Uber had actually something to win as you said because of all the free cash
floating around and the fact that Uber is completely out of China.

------
LeicaLatte
Congrats to everyone!

------
throwaway66666
Unprofitable companies are the only ones that really benefit from IPOs.

An IPO is basically a way for the company to raise money, but tis time
straight from the public. Usually when it gets harder and harder for them to
attract private investors. The IPO listing basically guarantees that they
won't take the public's billions and run.

Successful companies with perfect cash flows (think of Github, Valve, IKEA)
always try to remain private. Because they have nothing to gain by raising
more money.

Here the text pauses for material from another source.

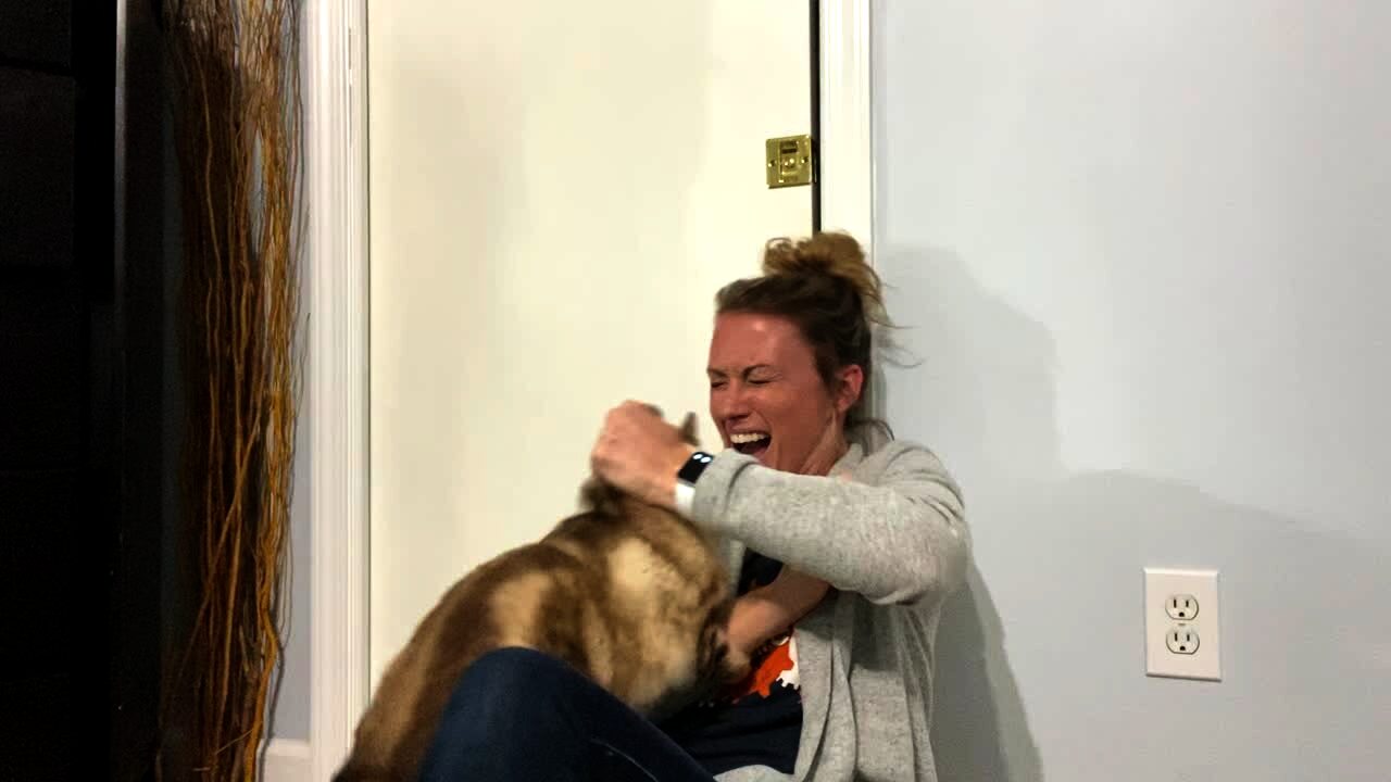 A woman greets a herd of deer in a yard, then her dog chases them away.
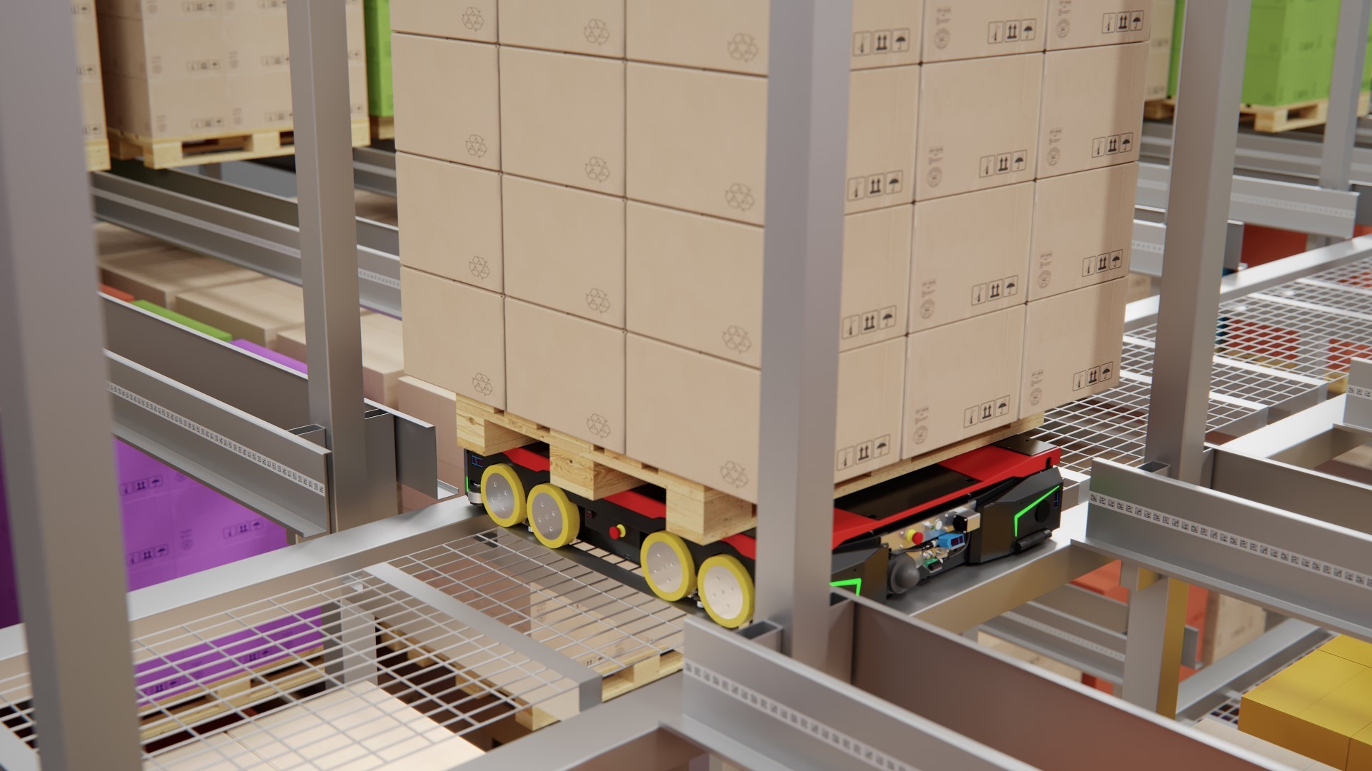 - There, the goods are picked up by a 4-way shuttle and transported via the main lanes to their storage location in one of the storage channels.

They can give their employees good bonuses and maintain control of
the company.

This is by design. In Silicon Valley we are obsessed with them because they
are the only meaningful exit for common employees (take the money and run
mentality). The rest of the world doesn't care much because they see them for
what they are.

Of course. Startup employees do not know they can sell their 'private' stock
already, today. However, they need permissions to do so from the company's
board (their answer will be NO. Here, saved you from asking. Or maybe they
will offer to buy back the stock with shitty terms), and can only sell them to
an accredited investor and not random people/public.

Many companies would be ran better if they remained private (think of
Facebook, which now has investor pressure to increase the price, which results
in careless decisions about data handling, privacy etc).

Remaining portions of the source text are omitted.